00:10:15 Evolution of AlphaGo to AlphaZero in Game Playing
Deep RL and Atari Games: DeepMind combined deep learning with reinforcement learning (Deep RL) to train a neural network on Atari games using raw pixel inputs and no prior knowledge of rules or controls. The system learned to maximize the score and outperformed human players, demonstrating end-to-end learning from raw pixels to actions and decision-making.
AlphaGo: AlphaGo used Deep RL to master the game of Go, a complex game with exponentially more possible board configurations than atoms in the universe. AlphaGo defeated the world champion Lee Sedol in 2016, showcasing the system’s ability to learn and play complex games with minimal human input.
AlphaGo Zero: AlphaGo Zero was designed to eliminate reliance on human knowledge and bootstrapping from human games. Starting from random play, it learned to play Go solely through self-play and achieved a higher level of performance than the original AlphaGo.
AlphaZero: AlphaZero generalized AlphaGo’s approach to any two-player perfect information game. It learned to play chess, shogi, and Go from scratch, starting from random moves and improving through self-play. AlphaZero surpassed human experts in all three games, demonstrating its ability to generalize learning across different games.

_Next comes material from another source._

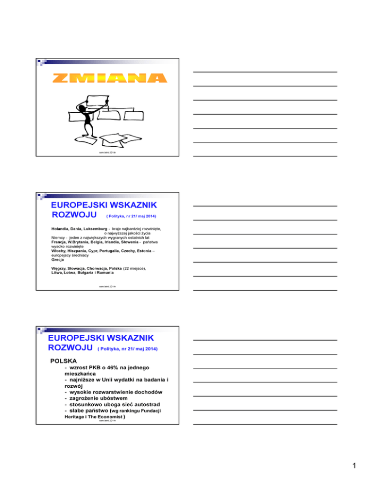 sem.letni 2014r EUROPEJSKI WSKAZNIK ROZWOJU ( Polityka, nr 21/ maj 2014) Holandia, Dania, Luksemburg - kraje najbardziej rozwinięte, o najwyższej jakości życia Niemcy - jeden z największych wygranych ostatnich lat Francja, W.Brytania, Belgia, Irlandia, Słowenia - państwa wysoko rozwinięte Włochy, Hiszpania, Cypr, Portugalia, Czechy, Estonia – europejscy średniacy Grecja Węgrzy, Słowacja, Chorwacja, Polska (22 miejsce), Litwa, Łotwa, Bułgaria i Rumunia sem.letni 2014r EUROPEJSKI WSKAZNIK ROZWOJU ( Polityka, nr 21/ maj 2014) POLSKA - wzrost PKB o 46% na jednego mieszkańca - najniższe w Unii wydatki na badania i rozwój - wysokie rozwarstwienie dochodów - zagrożenie ubóstwem - stosunkowo uboga sieć autostrad - słabe państwo (wg rankingu Fundacji Heritage i The Economist ) sem.letni 2014r 1 EUROPEJSKI WSKAZNIK ROZWOJU ( Polityka, nr 21/ maj 2014) Prognozy: - kraje Północy zachowają czołowe miejsca w rankingu - różnice między Południem i Wschodem mogą się coraz bardziej pogłębiać) - mamy szanse, aby awansować w okolice Hiszpanii ? sem.letni 2014r 7 S model McKinseya sem.letni 2014r Zarządzanie zmianą – między teorią a praktyką Etapy: 1. 2. 3. tworzenie impulsu do zmiany, czyli jasne określenie potrzeby zmiany; budowanie efektywnej wizji zmiany, której celem jest określenie ogólnego kierunku zmian, motywowanie do podejmowania zadania oraz przekazywanie jednego wspólnego kierunku dla wszystkich przedsiębiorstw uczestniczących w projekcie; skuteczne komunikowanie wizji zmiany; sem.letni 2014r 2 Zarządzanie zmianą – między teorią a praktyką Etapy: 4. usuwanie barier, uniemożliwiających osiągnięcie wizji; 5. kreowanie dotychczasowych osiągnięć, sygnalizujące, że wprowadzane zmiany przynoszą konkretne rezultaty; 6. instytucjonalizacja procesu wdrażania zmian oznaczająca trwałe zastąpienie dawnych metod działania nowymi oraz odzwierciedlenie nowego sposobu myślenia w kulturze organizacyjnej firm sem.letni 2014r Zarządzanie zmianą – między teorią a praktyką Do podstawowych utrudnień wprowadzania zmian zalicza się: ignorowanie rzeczywistości i tego, co się dzieje w otoczeniu (technokratyzm), brak sprawnego przywództwa i rozmów na temat przyczyn oraz celów zmiany, przejawianie przez jednostki oporu wobec zmiany, przeciążenie pracą, trudności realizacyjne, brak dobrego zarządzania projektem zmiany, brak środków bariery prawne . sem.letni 2014r Podejście Behawioralne Behawioryzm zakładał, że bardziej złożone zjawiska psychiczne, takie jak np. uczucia wyższe, czy struktury wpojone kulturowo, nie mają większego wpływu na działanie ludzi, lecz że ludzie podobnie jak wszystkie inne zwierzęta działają wg stosunkowo prostych zasad opierających na stałych, odruchowych lub wyuczonych reakcjach na bodźce. Według tego poglądu, większość zdrowych osobników ludzkich, niezależnie od ich "zawartości mózgu" będzie w tych samych warunkach reagować podobnie na podobne zestawy bodźców sem.letni 2014r 3 Podejście poznawcze Opiera się ono na przekonaniu, że zachowanie człowieka jest kontrolowane przez czynniki „wewnętrzne” takie jak: indywidualne sądy, złożenia, teorię i mapy poznawcze dotyczące sytuacji. A zatem, aby zmienić zachowanie, trzeba najpierw zmienić wewnętrzne „zaprogramowanie”. sem.letni 2014r Podejście humanistyczne: Stworzenie odpowiednich warunków sprawia, że istoty ludzkie stają się w sposób naturalny zaangażowane we wzrost i rozwój, których granic nie sposób określić. W tej sytuacji do zadań osoby kierującej należy stworzenie odpowiednich warunków do rozwoju. sem.letni 2014r Rodzaje zmian w praktyce Reorganizacja – proces łagodnych, stopniowych zmian w organizacji, nie ingerujący w strukturę jej zasobów Restrukturyzacja – zmiana ingerująca w strukturę zasobów organizacji Reengineering – dramatyczne, radykalne i fundamentalne zburzenie starych struktur i procesów w organizacji i zbudowanie ich od nowa, przy użyciu najnowszych zdobyczy techniki i technologii sem.letni 2014r 4 ZMIANA wg. Kurta Lewina ODMROŻENIE ZMIANA ZAMROŻENIE sem.letni 2014r TRÓJFAZOWY MODEL PROCESU ZMIAN (SPOŁECZNYCH) K. LEWINA ROZMROŻENIE • obecne rozwiązania już nie przynoszą spodziewanych efektów • jeżeli nie nauczymy się czegoś nowego, doznamy porażki ZMIANA • bezpieczne warunki do eksperymentowania • perspektywy umożliwiające szkolenie i praktykowanie • wsparcie i zachęta ZAMROŻENIE • wprowadzenie mechanizmów wspierających • wynagradzanie • ocena efektywności • szkolenie sem.letni 2014r Uznanie potrzeby zmiany Ustalenie celów zmiany Diagnoza istotnych zmiennych Opracowanie projektu zmiany Przygotowanie do wdrażania zmian Wdrażanie Kontrola i ocena efektów Etapy procesu zarządzania zmianą (R. Griffin) sem.letni 2014r 5 MODEL ZMIANY GLAICHERA C = (D + V + P) > X ENERGIA KIERUNEK KONSENSUS SPOŁECZNY sem.letni 2014r Źródła oporów wobec zmian (I) 1. Tkwiące w osobowości człowieka: lęk przed nowym, nieznanym (niechęć do ryzyka, inicjatywy, brak ambicji), brak wiary w możliwość sprostania nowej sytuacji, konieczność zmiany wiedzy, umiejętności, postaw, nawyki, rutyna („przyzwyczajenie jest drugą naturą człowieka” ) negatywne doświadczenia z wcześniejszej zmiany sem.letni 2014r Źródła oporów wobec zmian (II) 2. Wynikające z oddziaływania grupy społecznej: naciski grupy formalnej lub nieformalnej (naruszenie interesów), sprzeczność zmian z obowiązującymi wartościami i normami (kulturą organizacyjną), brak zaufania do kierownictwa. sem.letni 2014r 6 Źródła oporów wobec zmian (III) 3. Tkwiące w samej istocie zmiany: obawa przed obniżeniem dotychczasowego poziomu zaspokojenia potrzeb, obawa przed utratą twarzy, negatywna ocena nowego rozwiązania - brak potrzeby zmiany lub błędy w projektowaniu. sem.letni 2014r Źródła oporów wobec zmian (IV) 4. Uwarunkowane organizacją pr

Chess and Deep Blue: Demis Hassabis highlights the limitations of expert systems like IBM’s Deep Blue, which defeated Garry Kasparov in 1997. While Deep Blue was a technical achievement, it lacked the general intelligence to perform tasks beyond chess, such as understanding language or tying shoelaces.
Essence of Intelligence: Demis Hassabis emphasizes the need for AI systems to possess general intelligence and not be limited to specific tasks. AlphaZero’s ability to generalize learning across different games suggests progress toward developing AI systems with a broader range of capabilities.
00:18:29 Self-play Reinforcement Learning and the Success of AlphaZero
AlphaZero’s General Approach: Unlike Deep Blue, AlphaZero’s strategy eschews handcrafted heuristics, replacing them with self-play reinforcement learning and Monte Carlo tree search. This simplified approach led to a more elegant and streamlined algorithm.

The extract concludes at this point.